Monday, February 8, 2010

Vision Quest - Jumping off corporate - a friend's story

This is a great story of a childhood friend who jumped off the corporate bridge 10 years ago and hasn't looked back...What are you doing to follow your dreams?



Ten years ago, as a footloose bachelor of 35, David Simchock clocked out of the corporate world and set out on a journey that would turn his life upside down. With a nest egg of savings, he left his suit-and-tie job as a manager for a large power company in England, where he’d resided for five years, and set out to scratch a long-festering itch to travel. He had no itinerary but had a mission to create a meaningful experience. So off he went, to Australia, New Zealand, Tahiti, Chile, Thailand, Laos, Nepal. After a year of traveling, he says, “I wanted to keep going.” And go he did — across about 25 countries on five continents over the course of three years. He would learn to speak Spanish in Ecuador. He would journey up the Amazon for eight days aboard a stranger’s aluminum boat. He would serve as a toastmaster at a New Zealand wedding. And he would spend a month motorcycling from France to Italy, with a detour along the way to attend the San Fermín festival and watch participants run with the bulls in Pamplona. “You can live on $10 a day in some of these countries,” he says. “If you drink beer, it gets a little more expensive.”

When it was over, when at last he returned to his native New Jersey, Simchock would take the lessons he’d learned from three years on the road and parlay them into a successful new career — one he could do in his own back yard.
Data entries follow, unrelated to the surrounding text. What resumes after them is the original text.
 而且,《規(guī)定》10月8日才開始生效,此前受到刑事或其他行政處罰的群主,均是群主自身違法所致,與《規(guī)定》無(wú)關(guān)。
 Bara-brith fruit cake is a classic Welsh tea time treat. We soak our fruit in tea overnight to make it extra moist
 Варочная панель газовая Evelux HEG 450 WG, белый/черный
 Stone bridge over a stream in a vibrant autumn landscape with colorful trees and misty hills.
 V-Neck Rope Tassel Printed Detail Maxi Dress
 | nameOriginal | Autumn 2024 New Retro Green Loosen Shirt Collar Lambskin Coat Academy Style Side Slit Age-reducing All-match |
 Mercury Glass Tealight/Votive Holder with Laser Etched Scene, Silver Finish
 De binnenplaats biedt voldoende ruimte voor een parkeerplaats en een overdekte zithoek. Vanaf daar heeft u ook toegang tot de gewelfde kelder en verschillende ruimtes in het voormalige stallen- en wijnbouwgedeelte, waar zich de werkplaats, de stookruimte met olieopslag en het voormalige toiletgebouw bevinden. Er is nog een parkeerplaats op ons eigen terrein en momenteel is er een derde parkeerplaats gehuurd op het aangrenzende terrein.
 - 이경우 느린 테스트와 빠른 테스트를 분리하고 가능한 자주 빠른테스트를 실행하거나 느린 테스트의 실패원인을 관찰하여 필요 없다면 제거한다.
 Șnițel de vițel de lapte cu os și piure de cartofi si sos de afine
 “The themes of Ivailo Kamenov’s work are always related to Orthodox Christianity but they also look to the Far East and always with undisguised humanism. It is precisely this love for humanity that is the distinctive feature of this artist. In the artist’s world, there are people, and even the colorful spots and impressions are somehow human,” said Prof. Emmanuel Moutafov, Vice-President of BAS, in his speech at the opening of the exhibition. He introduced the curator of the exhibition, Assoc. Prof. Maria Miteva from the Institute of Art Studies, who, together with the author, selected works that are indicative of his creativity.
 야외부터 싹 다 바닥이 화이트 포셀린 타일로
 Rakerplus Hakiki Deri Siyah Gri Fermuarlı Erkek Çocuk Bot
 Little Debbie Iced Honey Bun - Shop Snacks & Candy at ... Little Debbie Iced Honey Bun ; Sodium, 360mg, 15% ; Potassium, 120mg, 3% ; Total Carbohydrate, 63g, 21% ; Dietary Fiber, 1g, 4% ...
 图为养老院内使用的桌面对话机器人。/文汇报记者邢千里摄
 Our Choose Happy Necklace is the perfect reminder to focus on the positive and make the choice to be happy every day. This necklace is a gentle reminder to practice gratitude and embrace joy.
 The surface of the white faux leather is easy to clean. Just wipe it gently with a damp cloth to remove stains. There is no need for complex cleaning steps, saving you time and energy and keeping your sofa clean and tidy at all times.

Simchock, now 45, stands in the finished basement of his studio in Pennington that serves as the headquarters for his photography business, Vagabond Vistas (vagabondvistas.com). The venture is a direct result of his wanderlust. When he started traveling, he carried a Nikon F80 (later upgraded to a Nikon D700 digital SLR) to capture thousands of images: unsmiling elderly men in Peru, laughing children in Vietnam, street scenes in Krakow and Kathmandu. Everywhere he went he would show his work, and the response was always the same: “These are really good. You should do something with this.” Do something with this. He agreed, but do what?